Scotland Hospital falls victim to ransomware attack -- again

Technology > Security

Photo by: Motormille2 via Wikimedia Commons


NHS Lanarkshire hospital fell victim to a ransomware hack for the second time in recent months.  The UK hospital was initially hit by the WannaCry attack.

Last week hospital cybersecurity detected the attack and was forced to cancel several appointments for patients that day.  The new variant of this Bitpaymer ransomware encrypts files to hold for ransom like previous versions; however, this one also swallows "private sensitive data" and threatens to spread the sensitive information out to the public if the payment of 50 Bitcoins, or about $218,000 from the hospital isn't made.  This, according to Danny Palmer of ZDNet.  

Lanarkshire is the third-largest health board in Scotland, treating over 654,000 people living the surrounding areas.  It also employs about 12,000 staff.  

Medical Director for the acute division Dr. Jane Burns urged patients not to come last Friday after the threat was found.  According to a Facebook post she said not to come "unless it is essential," writing, "If you do turn up at A&E and do not require emergency care you may be sent away from the department or you may experience a lengthy wait." She added, "Emergency care will still be provided for those who do require to be seen."

Calum Campbell, hospital chief executive also wrote in a Facebook post that the hospital had identified the source of the malware, and was investigating how it was able to infiltrate the network. Ultimately, the attack impacted only a few systems, according to Campbell, and staff were able to minimize the impact on patients and keep most services running.  He wrote, "Unfortunately a small number of procedures and appointments have been canceled as a result of the incident," explaining "I would like to apologize to anyone who has been affected by this disruption, however, I can assure you that work is already underway to reappoint patients."

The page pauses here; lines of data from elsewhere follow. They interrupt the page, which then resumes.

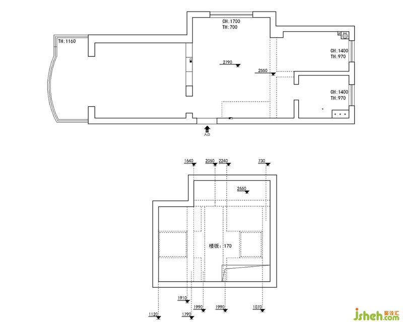 上海装修设计原始户型图 一楼45平,原始楼梯在进门右侧,进去之后比较压抑,客厅空间也不够完整,餐厅也没有好的位置放置,如果把玄关+楼梯+客厅+餐厅在现有房型空间结构上去设计很尴尬、拥簇。 阁楼本身就十几个平方有个斜顶,正常使用的空间很有限。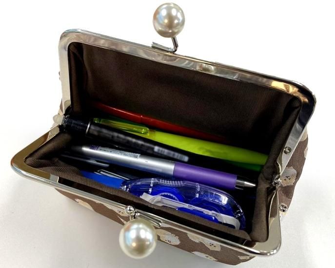 パールの玉がワンポイント!口もパカッと大きく開くので出し入れも簡単。
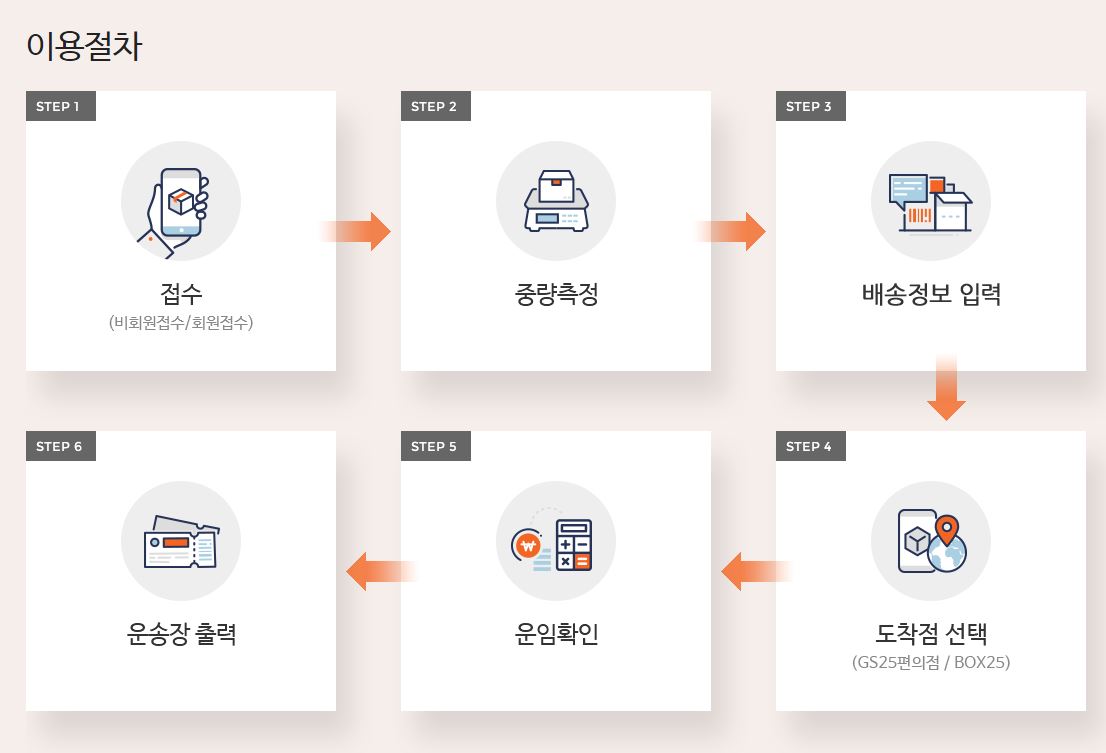 반값택배 보내려면 인터넷으로 예약한 후 GS25 편의점에 가서 예약번호 입력→택배무게 측정해서 송장을 출력한 후 편의점 직원에게 택배비 지불하고 접수하면 됩니다. 인터넷 예약없이 현장접수도 가능합니다.

Palmer says the malware likely came from a phishing email, which is how most ransomware are infecting systems these days.  Although NHS Lanarkshire’s systems were said to be up to date, this is allegedly a new strain of Bitpaymer.  According to the hospital, they have received an update from their security provider to protect against Bitpaymer now.

According to ZDNet here are some ways hospitals and other healthcare facilities can protect their information.

* Monitor the internet for dumped user credentials and new attacks.

* Train employees to report malicious emails.

* Build controls that assume compromised credentials.

* Monitor externally accessible servers, such as a mail server of VPN, for unusual activity.


Healthcare organizations and hospitals are said to have the highest vulnerability to ransomware attacks.